Después de las lluvias íbamos siempre a ver el río crecido. Nos llamábamos por teléfono o nos pasábamos a buscar. Caminábamos por calle Alberdi en grupos de tres o cuatro y nos acercábamos al puente que de a poco se iba llenando de gente. Todos iban a ver la crecida, no sé si el agua nos calmaba o era la posibilidad del desastre lo que nos atraía. El juego era descubrir las cosas que el río arrastraba. Los troncos eran lo más común; a veces quedaban atrapados en los remolinos y los veíamos hundirse y volver a salir en ese círculo constante hasta que lograban escapar, y nosotros nos asomábamos al otro lado del puente y decíamos: “Mirá donde va”, mientras el tronco se perdía en las curvas del paisaje.

Podíamos estar horas viendo la crecida, la naturaleza tenía todavía el poder de sorprendernos, éramos capaces de distinguir detalles que hoy ya no podría, teníamos el ojo entrenado para ver lo nuevo, la belleza de lo que sucedía, como una narrativa del instante, sin necesidad de la espera por lo que pueda suceder a continuación. Lo bueno, lo hermoso, estaba sucediendo y era simple. Cualquier objeto, una ojota, digamos, nos alcanzaba para construir la historia de alguien que había vivido río arriba.
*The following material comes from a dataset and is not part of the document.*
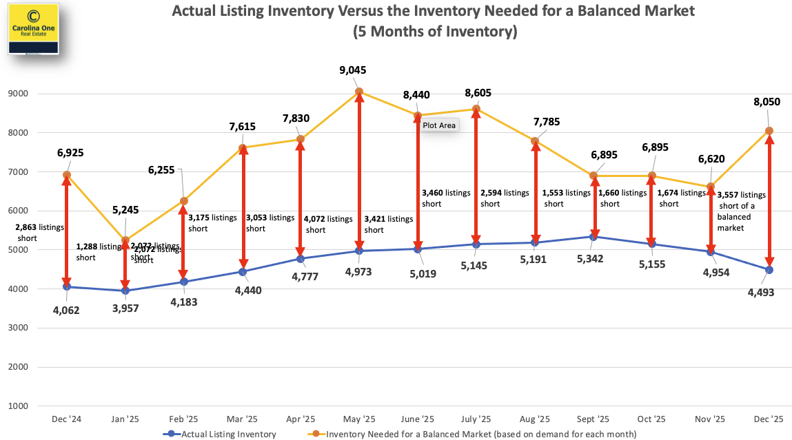 We saw roughly 1,400 new listings hit the market in December—a significant jump from last year. However, we still need approximately 3,600 additional listings to reach true equilibrium. The market is moving toward balance, but we aren’t there yet.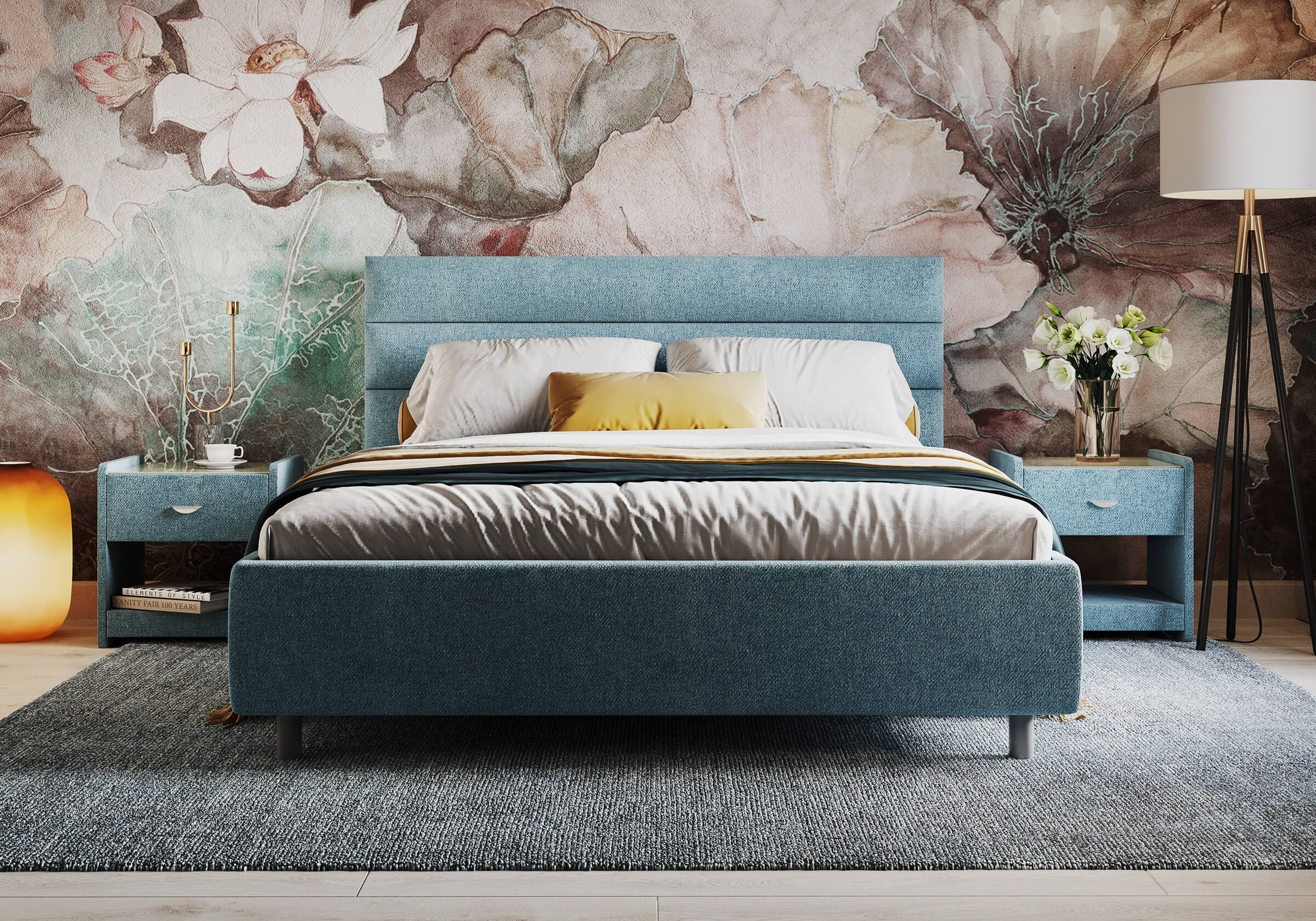 Основание кровати на металлических ножках. Благодаря увеличенной высоте позволяют осуществлять легкую уборку под кроватью, даже с помощью робота-пылесоса.

Como los astrónomos, que recomponen la historia de las estrellas por los rayos de luz que llegan a la tierra millones de años después, nosotros reconstruíamos la historia de la familia que había subestimado el aviso de los bomberos, sesenta kilómetros río arriba, y tuvo que salir de raje con lo puesto, y en la estampida habían olvidado esa ojota.

Sólo hablábamos para referirnos a las crecidas anteriores, para mantenerlas en la memoria, fotos mentales del río pasando por sobre el puente de hierro, en los tiempos en que el puente era nuevo. Era como una conexión, un túnel en el espacio-tiempo con todas las otras crecidas, el fantasma de los autos flotando por Avenida Constitución, la barranca caída, los ranchos de la villa La Colmena yéndose río abajo. Saber la historia del río te hacía pertenecer, era la manera en que entendíamos que todos habíamos sido traídos hasta ahí por el agua, de una u otra forma.

En los días siguientes, cuando iba bajando el agua, quedaban las marcas sobre la costa, la basura que indicaba el límite hasta donde había llegado y los árboles arrancados de raíz. Todo era un punto de referencia que usaríamos en las nuevas historias. “Ahí había un sauce llorón que se llevó la última crecida”, le íbamos a decir a los parientes de afuera. “¿Se acuerdan la vez que el agua tapó el arco de la canchita?”.

Cuando está manso, dormido, el río no parece capaz de todo eso, pero nosotros sabemos que sí. Nosotros sabemos que el río siempre sueña con llevarse todo.